Target Ambisius Kontrak Baru WIKA di Tahun 2026

Direktur Utama WIKA, Agung Budi Waskito, secara tegas menyatakan bahwa perseroan membidik nilai kontrak baru melampaui Rp20 triliun untuk tahun 2026. Angka ini merefleksikan proyeksi kenaikan substansial, setidaknya +18%, dari estimasi kontrak baru tahun 2025 yang berada pada level Rp17 triliun. Sebuah lonjakan target yang mengindikasikan optimisme kuat manajemen terhadap prospek industri konstruksi nasional yang semakin membaik.

Strategi Transformasi dan Optimisme Pemulihan Permintaan Proyek

Agung Budi Waskito menjelaskan, penetapan target 2026 ini bukan tanpa dasar. Ia merupakan bagian integral dari strategi transformasi menyeluruh yang tengah dijalankan perseroan, berfokus pada efisiensi operasional dan optimalisasi portofolio proyek. Lebih lanjut, target ini juga sejalan dengan ekspektasi kuat terhadap pemulihan signifikan permintaan proyek di tahun depan, terutama dari sektor pemerintah dan BUMN, serta proyek-proyek strategis nasional yang terus bergulir.

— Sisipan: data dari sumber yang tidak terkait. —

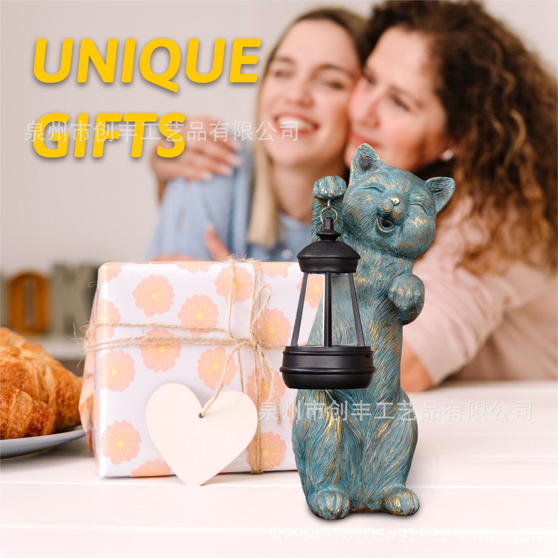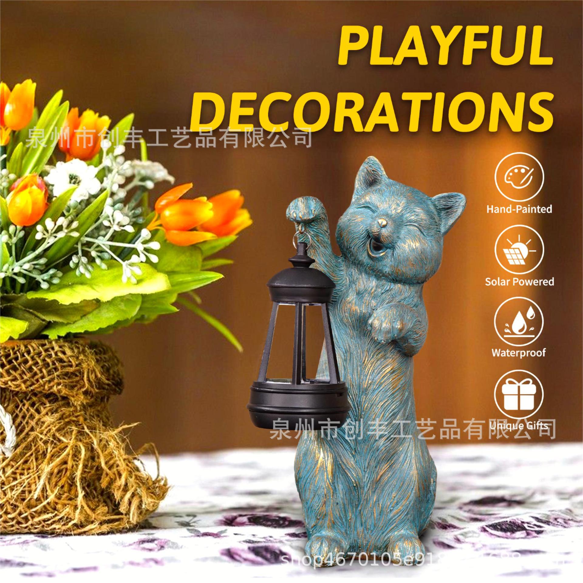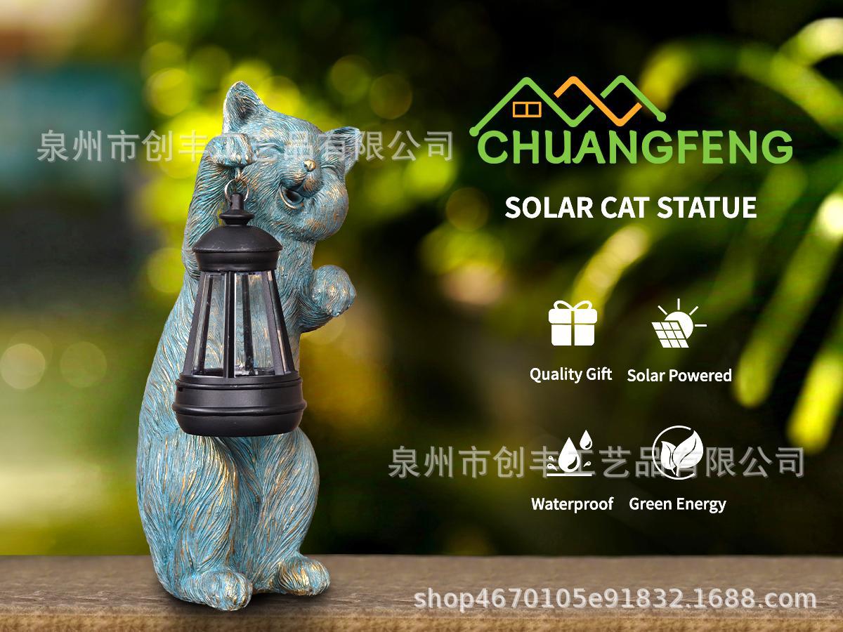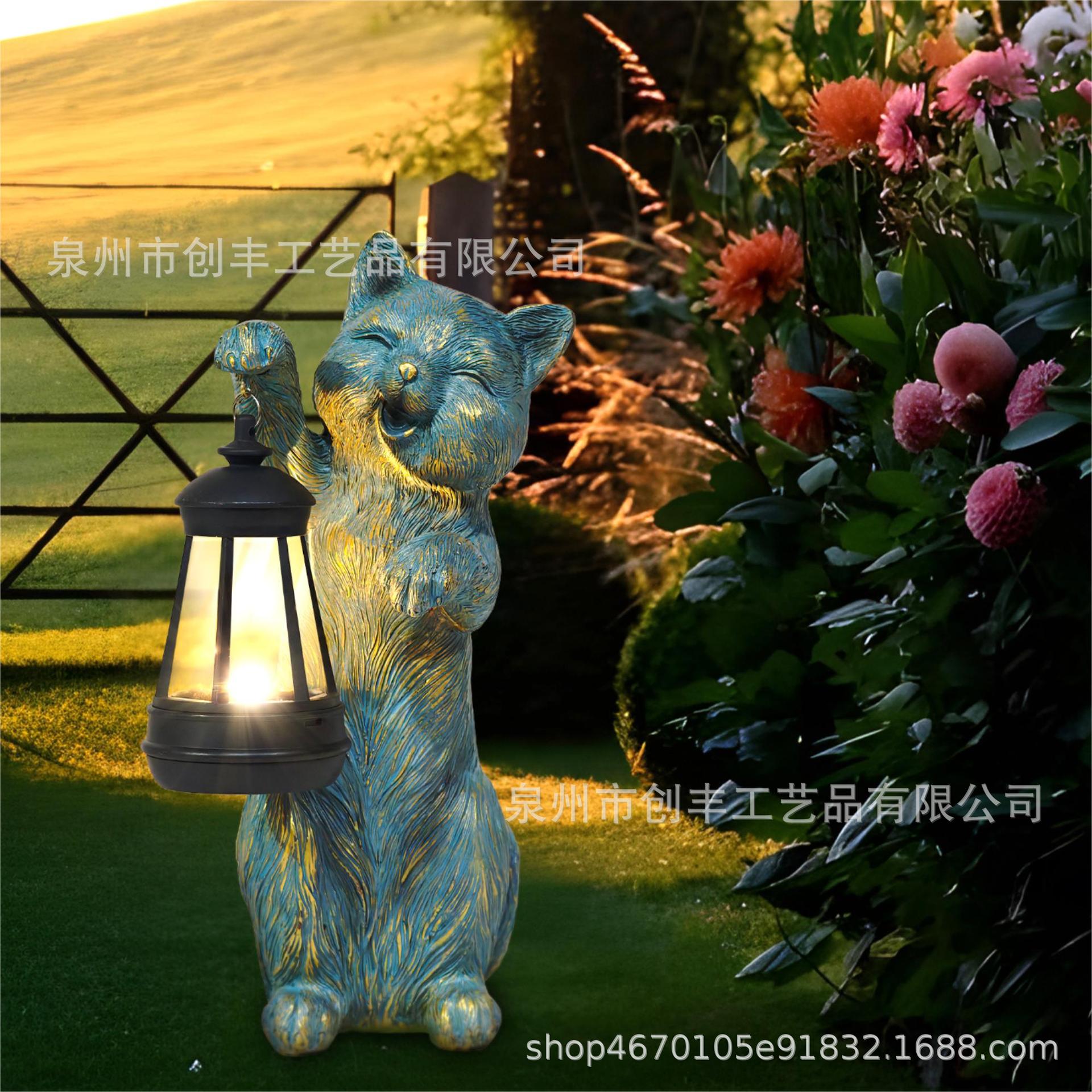 야외 태양 정원 램프 장식품 고양이 등불 수지 공예 동상 정원 안뜰 장식품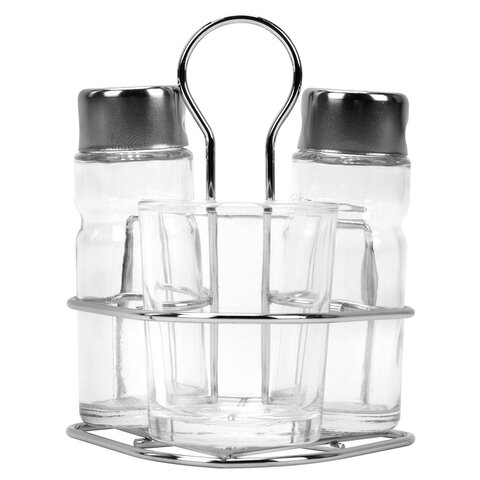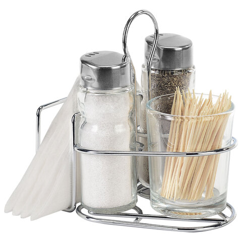 Комплектация: перечница, подставка, салфетница, солонка, стакан под зубочистки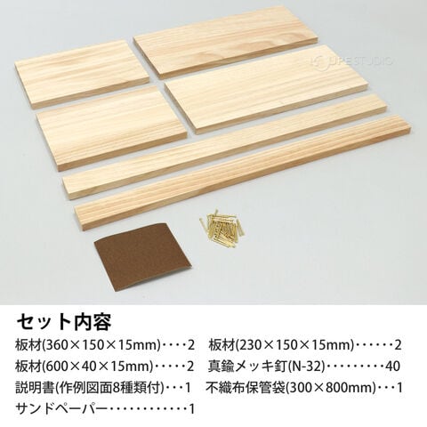 | セット内容 | 板材(360×150×15mm)×2、板材(230×150×15mm)×2、板材(600×40×15mm)×2、真鍮メッキ釘(N-32)×40、説明書(作例図面8種類付)×1、不織布保管袋(300×800mm)×1、サンドペーパー×1 |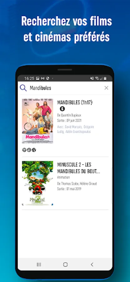 - Simply search for a film or cinema thanks to the integrated search engine.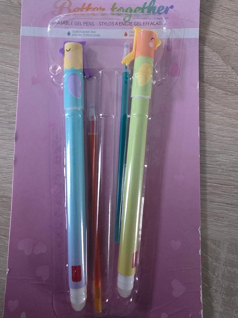 L'articolo presentato nelle foto assomiglia alle penne della marca, Legami. Tuttavia, l'articolo ricevuto è diverso, le penne sono più grosse, i cappucci sono più larghi delle penne. Infine, il cerchio argentato è inesistente.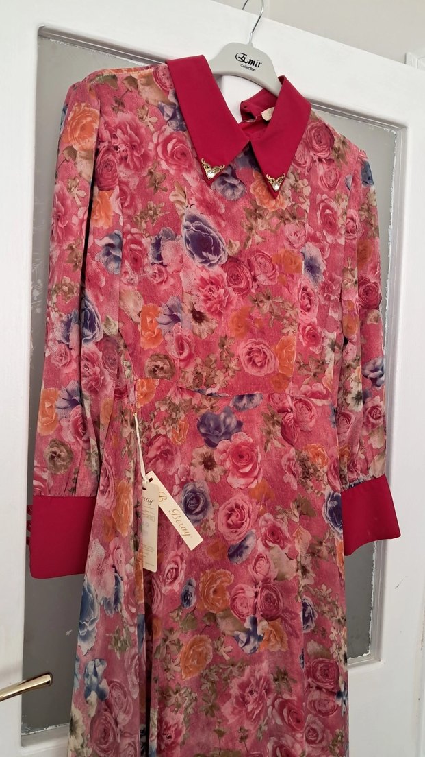 Düğmeli, uzun kollu, bol kesim pembe çiçek desenli vintage tarzda bohem elbise. V yakalı, düğme detaylı, düğün için uygun. Şifon elbise Dar kesim 44 beden gibi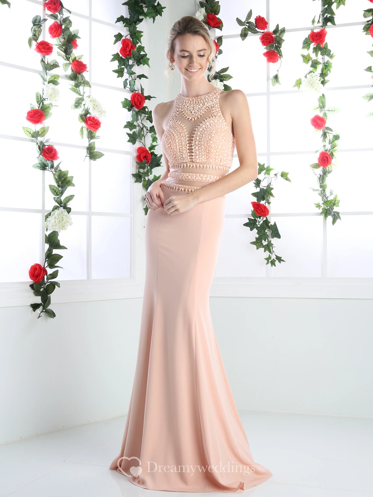 Sheath Jewel-Neck Sleeveless Jersey Keyhole Dress With Beading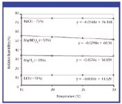 Figure 3: Relative humidity as a function of temperature for saturated salt solutions used for calibration (only the magnesium nitrate standard is sensitive to temperature).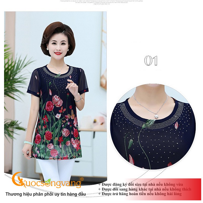 Giới thiệu Áo kiểu trung niên big size in hoa áo nữ dáng dài đính cườm Queenbe GLA258 Cuocsongvang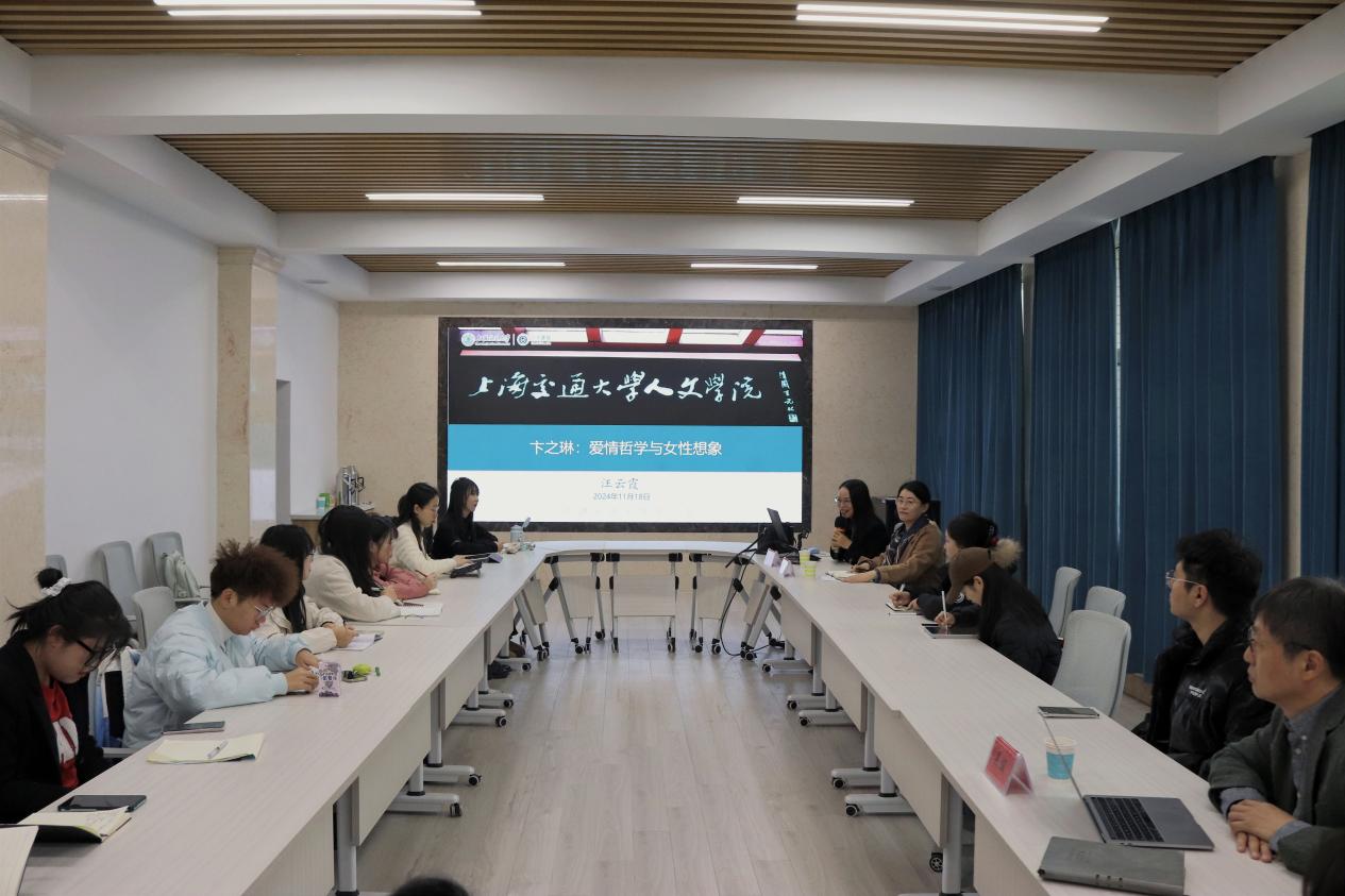 与上海交通大学长期以来的友好交流传统,并表达了对今后两院持续交流合作的良好愿望。随后,汪教授从其对卞之琳爱情哲学研究的选题初衷谈起,引发同学们对闻一多“卞之琳是‘不写情诗’的诗人”这一观点的思索,并以卞之琳的《断章》为引,引领大家进入了卞之琳的诗歌世界。之后,汪教授详细解读了卞之琳的《鱼化石》一诗,从爱情的关系性、时间性、创造性三个维度分析了卞之琳的爱情哲学,进而运用女性主义批评、弗洛伊德精神分析等理论方法剖析诗人的内心世界,同时援引诗人卞之琳与张充和交往经历的相关史料补充论证,深入分析了卞之琳诗歌中的女性想象。并由此指出,爱情书写在卞之琳的诗歌创作中不仅占有一定比重,而且在他整体的诗歌创作中还显现出一定的连续性。汪教授的讲座立足于文本分析,占有大量丰富的史料,理论功底扎实,实现了理性与诗性的完美融合,为在场的研究生做了一次很好的研究范式和路径展示。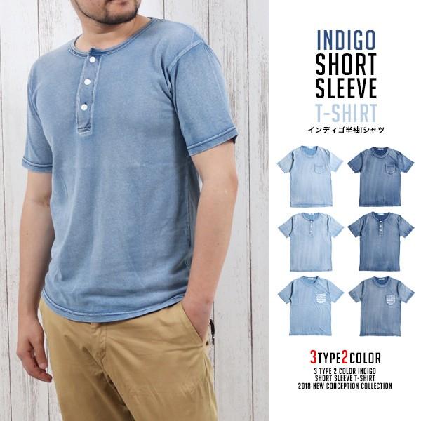 メール便のみ送料無料1 インディゴ半袖tシャツ tシャツ インディゴ デニム 藍染 半袖 デニムtシャツ ユーズド加工 メンズ 春夏

Kilas Balik Kinerja Kontrak Baru 9M25: Potret Realita dan Proyeksi

Meskipun target 2026 sangat ambisius, penting untuk melihat konteks kinerja terbaru WIKA. Hingga kuartal ketiga tahun 2025 (9M25), perseroan mencatatkan nilai kontrak baru sebesar Rp6,19 triliun. Angka ini memang menunjukkan penurunan sekitar -60% Year-on-Year (YoY) dibandingkan periode yang sama tahun sebelumnya. Namun, manajemen percaya bahwa penurunan ini adalah fase transisi sebagai dampak restrukturisasi internal dan kondisi pasar yang menantang, sebelum lonjakan yang diantisipasi di 2026.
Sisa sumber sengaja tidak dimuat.